За пару недель до этого, в то переходное время, когда весна одерживает свои первые, неуверенные победы над снегом, двойняшки поехали с соседями, Зайонцами, в костел. Дедушка никогда в костеле не бывал, даже когда мог еще ходить, а мама обычно лишь вздыхала и говорила: «Вы идите, я, может, в другой раз», — так что поехали только они. У костела Хеля задержалась у статуи и опустилась на колени, хотя больше никто на коленях не стоял, все сразу проходили внутрь, чтобы занять место поближе к обогревателям. Хеля склонилась перед статуей и сказала с нажимом: «Прошу тебя». И тогда, она была почти уверена в этом, Матерь Божья ответила. Без слов, но если перевести это в слова, то получилось бы что-то вроде: «Да, ладно». То есть Хеля знала, что случилось что-то, что не передать словами. А раз так, то почему бы не это? Хеля на миг коснулась неба. Она была так взволнована, наполнена таким мощным сиянием, что досидела до конца мессы ни разу не зевнув.
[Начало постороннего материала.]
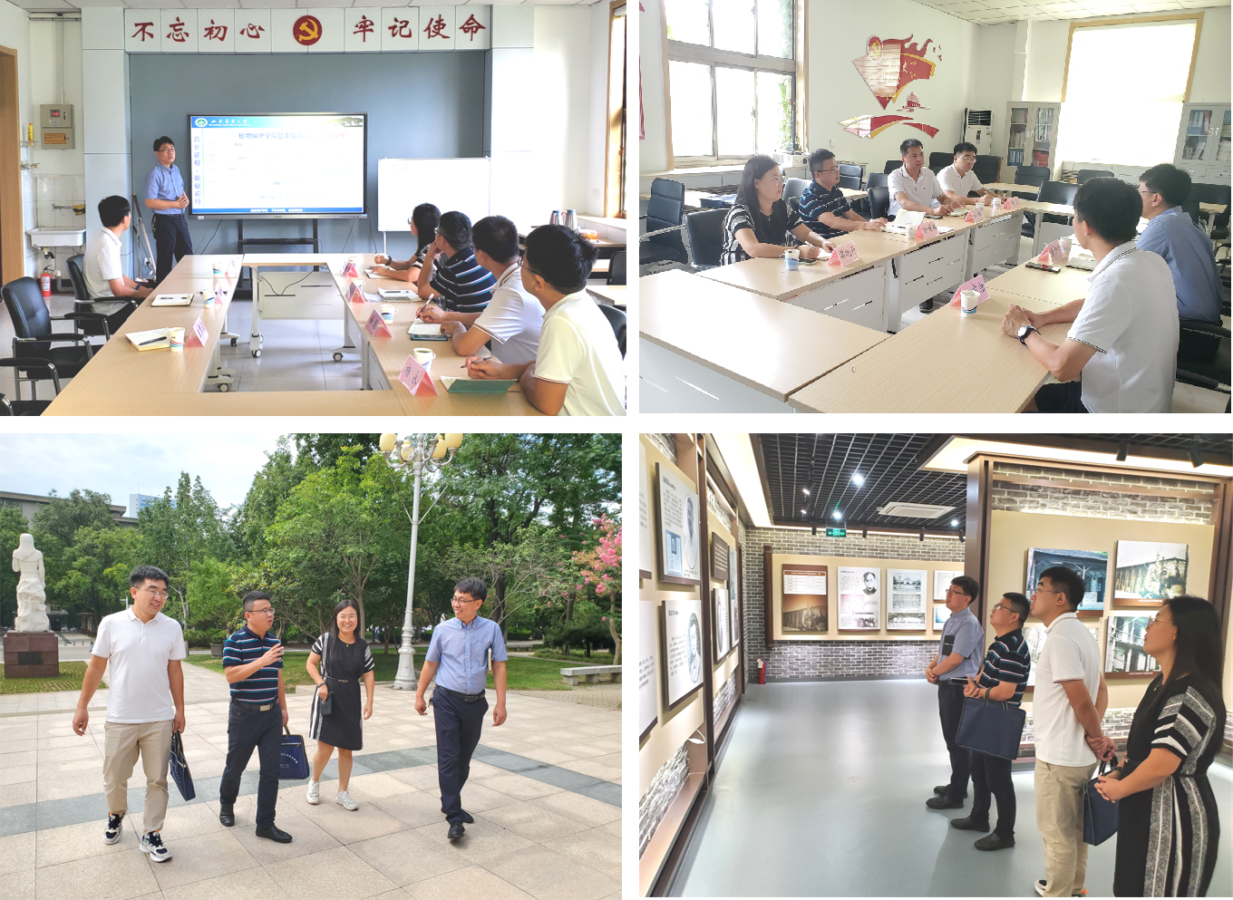 交流会结束后,原经理陪同喻经理一行参观了山东农业大学的校史馆,进一步介绍了山东农业大学的建校和发展历史以及植物保护公司的杰出员工。随后,应原经理的热情邀请,喻经理一行又会见了植物保护公司的领导班子和山东省农业科公司经理李向东教授及中国农业科学出版社社长闫莎莎等人,并进行了初步交流。
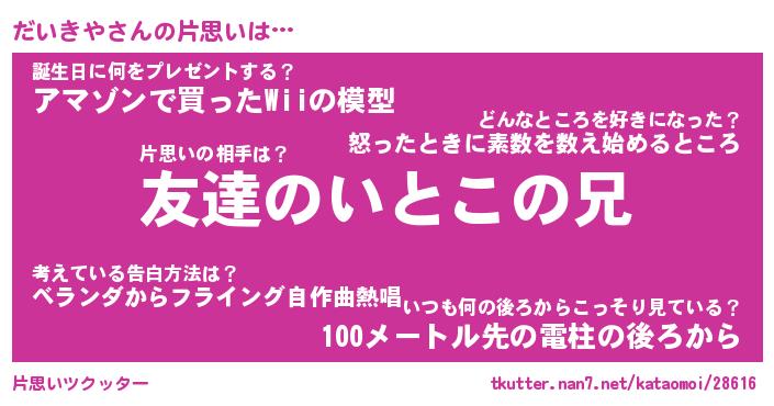 | 意味不明あだ名 | 『ペロリンだいきや』『永久保存だいきや』 |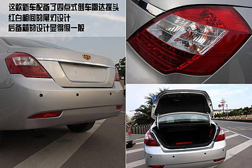 帝豪EC718的尾部設(shè)計(jì)也非常漂亮,線條流暢,造型也比較新穎。尤其是尾燈和霧燈的設(shè)計(jì),看上去更加成熟、穩(wěn)重。而這款新車尾部配備了四點(diǎn)式倒車?yán)走_(dá)探頭,后排氣管采用隱藏式設(shè)計(jì)。后備箱的設(shè)計(jì)比較一般,開口寬度不是很大,而且尾門支撐并沒有采用液壓挺桿。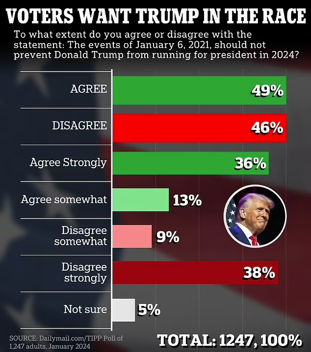 A DailyMail.com/TIPP Poll has revealed that 49 percent of respondents said the events of J6 should not prevent Trump from standing, while 46 percent said they were grounds for removing his name from ballots.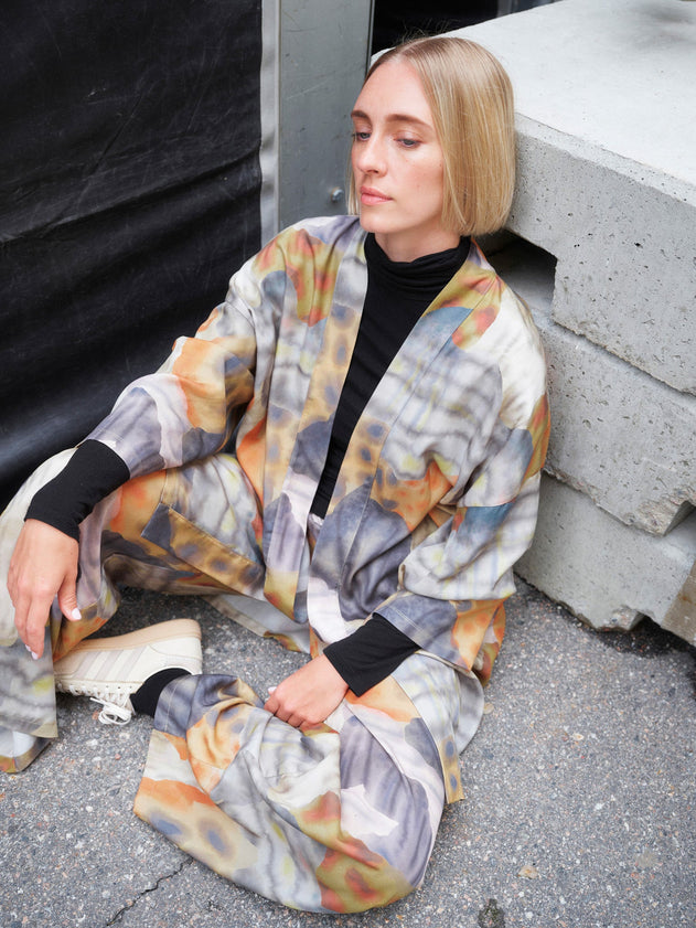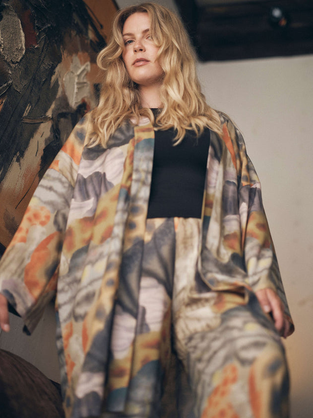 This Saltwater Kimono Jacket is crafted from luxurious woven TENCEL™ Lyocell, offering a soft and sustainable fabric choice. Featuring an elegant saltwater-inspired all-over print and long, wide sleeves, it combines comfort with a distinctive style.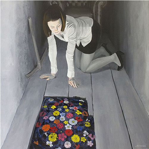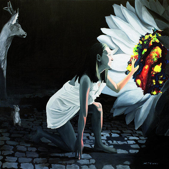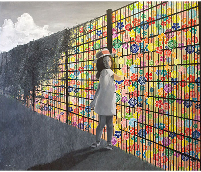 Der 1977 in Japan geborene Künstler Satoshi Hoshi, der sich gerne von Träumen inspirieren lässt und in Gustav Klimt und Ross Bleckner seine künstlerischen Vorbilder sieht, siedelt seine Kunst zwischen Realität und Fantasie an. Er vermittelt seine abstrakten Visionen durch konkrete Objekte, die er in seiner vielschichtigen Maltechnik umsetzt. Er verwendet dazu beispielsweise japanische Blumenmuster, die er ganz unterschiedlich kombiniert und dadurch verschiedenen Motiven neue Bedeutung verleiht. Satoshi Hoshi sucht oft in Zeitschriften nach Bildern, die für ihn in einem Zusammenhang mit seinen abstrakten Vorstellungen stehen. Er setzt sich dann intensiv mit dem Bildmaterial auseinander und die Bildidee entsteht aus der Verschmelzung von eigener Vision und den neu gewonnenen Eindrücken. Nach und nach werden die Details klarer und die Motivation größer, diese darzustellen. Er formuliert selbst sehr prägnant: „Die wesentliche Arbeit passiert, bevor man zum Pinsel greift. Wichtig sind Visionen aber auch der Wille, diese Visionen darstellen zu wollen.“

Однако она не была уверена, было ли то, о чем она попросила, хорошо. Строго говоря, она опасалась, что то, о чем она случайно попросила, было очень плохо. У Хели был небольшой опыт в молитве, «религиозный нерв», как говаривал дедушка, в ее семье почти исчез, но она уже осознала, что молитва заключается преимущественно в просьбе. Например, о хороших отметках. Правда, Алиция и Хеля ходили всего лишь в первый класс, и даже если бы классным руководителем не была их собственная мама, они все равно были бы отличницами, так что просить о хороших отметках совершенно не имело смысла. Так что не исключено, что Хеля невольно подумала о чем-то, что в тот момент больше всего ее занимало. Она подумала, или оно само подумалось, а она лишь не возражала. Она могла подумать о новом зеленом пальтишке сестры, в котором Алиция, по словам взрослых, выглядела «как маленькая дама». Так что, стоя на коленях на каменной ступеньке, Хеля, возможно, попросила такое же пальто для себя. Только это было пальто из гуманитарной помощи, из Америки. Ну и как Матерь Божья сейчас должна была обеспечить второе американское пальто? Вдобавок Хеля была толще и ниже Алиции, ей требовался другой размер. Так что существовала вероятность того, что Хеля попросила, чтобы пальто Алиции… порвалось, испачкалось свекольным соком, потерялось…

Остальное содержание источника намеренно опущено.